# Guess the year!



## Cory (Mar 16, 2015)

Not sure about these serial numbers but I pulled the bottom bracket and got it. Just thought this could be fun. Picked this up at a garage sale Sunday and my 5 year old is loving it!


----------



## Cory (Mar 16, 2015)

She is MINTY


----------



## rustjunkie (Mar 16, 2015)

1980


----------



## Cory (Mar 16, 2015)

Nope (going off the crank).


----------



## rustjunkie (Mar 16, 2015)

Cory said:


> Nope (going off the crank).




ah, just now saw the serial # after replying...dunno what it means anyway!


----------



## Cory (Mar 16, 2015)

How do you brake down this serial number?


----------



## Cory (Mar 16, 2015)

Looks different to me.


----------



## Metacortex (Mar 16, 2015)

According to a dealer News Flash the serial number on Pixies and Lil' Tigers was moved from the seat mast to the head tube on about mid-Feb. '75, so with that in mind and taking into account the Flamboyant Red color and short rear fender design I'd say it has to be either a '75, '76 or '78 model: http://bikecatalogs.org/SCHWINN/MODELS/Lil' Tiger.html


----------



## Cory (Mar 16, 2015)

Well its narrowed down to 3 choices then?


----------



## Metacortex (Mar 16, 2015)

OK I'll narrow my guess down to '76. Post a close-up of the headbadge, might find another clue there...


----------



## mickeyc (Mar 16, 2015)

And another one....
http://detroit.craigslist.org/mcb/bik/4934515822.html


----------



## island schwinn (Mar 16, 2015)

The serial on lil tigers doesn't tell the year.the date is on the crank.
Thinking 76 also due to color and short rear fender and full circle chainguard.


----------



## Cory (Mar 16, 2015)




----------



## Cory (Mar 16, 2015)

Okay you guys got it, 76. really cool info. Thanks for playing along, lots of fun [emoji4]


----------



## Cory (Mar 16, 2015)

mickeyc said:


> And another one....
> http://detroit.craigslist.org/mcb/bik/4934515822.html



Yikes that guy is asking  $300. That sounds like a bit on the high side to me. I was thinking in the $150-$175 range.


----------



## Cory (Mar 16, 2015)

Cory said:


> Yikes that guy is asking  $300. That sounds like a bit on the high side to me. I was thinking in the $150-$175 range.

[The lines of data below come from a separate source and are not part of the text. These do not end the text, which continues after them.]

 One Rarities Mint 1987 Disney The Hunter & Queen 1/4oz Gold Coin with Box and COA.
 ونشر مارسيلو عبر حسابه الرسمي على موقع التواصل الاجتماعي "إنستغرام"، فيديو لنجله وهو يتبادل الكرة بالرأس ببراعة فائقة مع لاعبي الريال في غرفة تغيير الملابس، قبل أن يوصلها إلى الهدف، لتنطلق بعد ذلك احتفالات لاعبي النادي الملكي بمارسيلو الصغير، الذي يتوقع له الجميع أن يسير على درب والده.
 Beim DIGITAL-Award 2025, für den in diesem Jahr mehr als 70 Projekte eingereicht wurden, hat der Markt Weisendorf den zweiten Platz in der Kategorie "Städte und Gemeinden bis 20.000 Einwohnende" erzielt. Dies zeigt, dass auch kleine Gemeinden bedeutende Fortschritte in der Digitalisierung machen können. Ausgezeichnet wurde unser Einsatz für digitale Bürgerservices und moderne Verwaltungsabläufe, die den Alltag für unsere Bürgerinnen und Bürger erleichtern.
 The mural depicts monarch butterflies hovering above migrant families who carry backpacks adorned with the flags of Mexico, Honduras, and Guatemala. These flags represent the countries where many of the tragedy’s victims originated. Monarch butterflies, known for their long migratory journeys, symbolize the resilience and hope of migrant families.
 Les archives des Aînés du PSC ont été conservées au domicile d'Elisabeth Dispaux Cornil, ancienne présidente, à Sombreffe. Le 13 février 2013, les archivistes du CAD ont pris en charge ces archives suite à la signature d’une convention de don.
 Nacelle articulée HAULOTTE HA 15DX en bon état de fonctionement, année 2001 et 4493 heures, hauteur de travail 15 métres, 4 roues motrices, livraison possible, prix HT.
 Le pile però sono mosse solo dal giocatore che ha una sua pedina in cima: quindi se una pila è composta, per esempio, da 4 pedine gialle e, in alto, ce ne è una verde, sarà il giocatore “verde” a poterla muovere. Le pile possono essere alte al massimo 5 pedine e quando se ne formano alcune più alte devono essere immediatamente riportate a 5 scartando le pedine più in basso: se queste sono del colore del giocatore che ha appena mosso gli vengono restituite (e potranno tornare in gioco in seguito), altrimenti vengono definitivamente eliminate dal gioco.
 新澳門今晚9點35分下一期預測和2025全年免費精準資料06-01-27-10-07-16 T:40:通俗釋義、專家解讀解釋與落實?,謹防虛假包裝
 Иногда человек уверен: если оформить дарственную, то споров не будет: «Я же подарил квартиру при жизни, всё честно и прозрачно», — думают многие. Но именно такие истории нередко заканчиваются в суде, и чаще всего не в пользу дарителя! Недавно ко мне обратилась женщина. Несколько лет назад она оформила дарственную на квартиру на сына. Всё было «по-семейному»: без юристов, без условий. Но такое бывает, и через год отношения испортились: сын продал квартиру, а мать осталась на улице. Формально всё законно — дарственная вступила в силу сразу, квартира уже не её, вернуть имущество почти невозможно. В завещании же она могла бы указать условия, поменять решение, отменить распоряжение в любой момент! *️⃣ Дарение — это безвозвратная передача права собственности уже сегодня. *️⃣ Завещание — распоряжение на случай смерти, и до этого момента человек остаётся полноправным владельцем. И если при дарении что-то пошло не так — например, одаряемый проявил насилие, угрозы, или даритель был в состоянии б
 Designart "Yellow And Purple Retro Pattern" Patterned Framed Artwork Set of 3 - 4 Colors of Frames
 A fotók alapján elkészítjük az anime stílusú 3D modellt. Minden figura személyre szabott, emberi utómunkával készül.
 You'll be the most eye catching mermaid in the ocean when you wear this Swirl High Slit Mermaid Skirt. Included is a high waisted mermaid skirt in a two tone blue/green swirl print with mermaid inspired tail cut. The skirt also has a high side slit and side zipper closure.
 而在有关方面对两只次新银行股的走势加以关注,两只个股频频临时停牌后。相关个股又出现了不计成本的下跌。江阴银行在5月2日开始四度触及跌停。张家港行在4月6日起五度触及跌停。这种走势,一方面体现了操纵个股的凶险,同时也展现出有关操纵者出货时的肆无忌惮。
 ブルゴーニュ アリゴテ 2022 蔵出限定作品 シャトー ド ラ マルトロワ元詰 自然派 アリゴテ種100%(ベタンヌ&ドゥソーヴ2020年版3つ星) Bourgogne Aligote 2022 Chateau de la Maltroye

For my bike, which looks quite a bit better condition than this Craigslist bike.


----------



## GTs58 (Mar 16, 2015)

Two winners! And the build date on the headbadge is the same year as the crank. Man, sure looks like the bottom bracket is pretty dry.


----------



## Cory (Mar 16, 2015)

GTs58 said:


> Two winners! And the build date on the headbadge is the same year as the crank. Man, sure looks like the bottom bracket is pretty dry.



How do you tell the build date on the headbadge? If you don't mind me asking.


----------



## island schwinn (Mar 16, 2015)

2586 on the head badge means the 258th day of 76,with the 6 depicting the year.
Schwinn starting stamping head badges with the day and year the bike was actually built around 75/76.


----------



## Cory (Mar 16, 2015)

island schwinn said:


> 2586 on the head badge means the 258th day of 76,with the 6 depicting the year.
> Schwinn starting stamping head badges with the day and year the bike was actually built around 75/76.



Wow, cool info. Thanks so much for sharing.


----------



## island schwinn (Mar 16, 2015)

I have a 72 lil tiger in great shape with the exception of a few tears in the seat.on a good day 200 bucks isn't out of the question.these little bikes are hot items lately.


----------